The copy must match the data word for word and contain no pictures.

Data shown
____

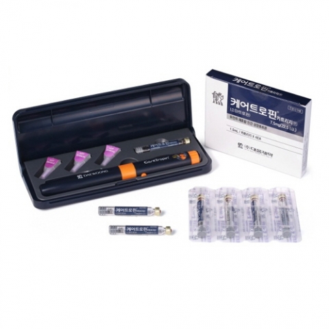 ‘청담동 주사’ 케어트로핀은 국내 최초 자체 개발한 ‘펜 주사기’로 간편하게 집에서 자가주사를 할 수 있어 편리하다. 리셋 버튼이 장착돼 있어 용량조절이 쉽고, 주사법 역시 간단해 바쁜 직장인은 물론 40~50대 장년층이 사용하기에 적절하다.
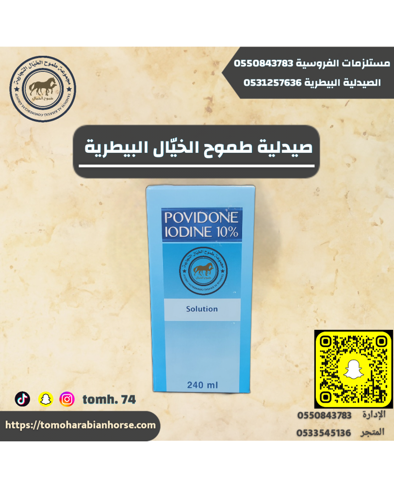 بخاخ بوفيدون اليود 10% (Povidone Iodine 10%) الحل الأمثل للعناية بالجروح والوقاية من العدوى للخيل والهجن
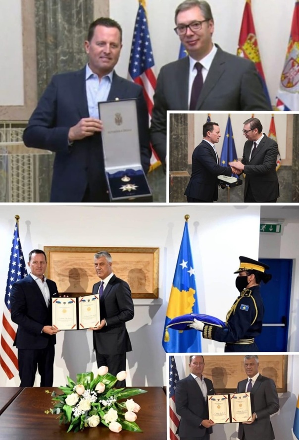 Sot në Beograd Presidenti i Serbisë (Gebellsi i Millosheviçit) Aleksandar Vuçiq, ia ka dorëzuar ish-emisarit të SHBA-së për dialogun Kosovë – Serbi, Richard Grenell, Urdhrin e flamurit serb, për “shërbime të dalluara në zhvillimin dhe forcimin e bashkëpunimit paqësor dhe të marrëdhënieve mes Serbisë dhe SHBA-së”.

____

Answer for this exercise
 ‘청담동 주사’ 케어트로핀은 국내 최초 자체 개발한 ‘펜 주사기’로 간편하게 집에서 자가주사를 할 수 있어 편리하다. 리셋 버튼이 장착돼 있어 용량조절이 쉽고, 주사법 역시 간단해 바쁜 직장인은 물론 40~50대 장년층이 사용하기에 적절하다.
 بخاخ بوفيدون اليود 10% (Povidone Iodine 10%) الحل الأمثل للعناية بالجروح والوقاية من العدوى للخيل والهجن
 Sot në Beograd Presidenti i Serbisë (Gebellsi i Millosheviçit) Aleksandar Vuçiq, ia ka dorëzuar ish-emisarit të SHBA-së për dialogun Kosovë – Serbi, Richard Grenell, Urdhrin e flamurit serb, për “shërbime të dalluara në zhvillimin dhe forcimin e bashkëpunimit paqësor dhe të marrëdhënieve mes Serbisë dhe SHBA-së”.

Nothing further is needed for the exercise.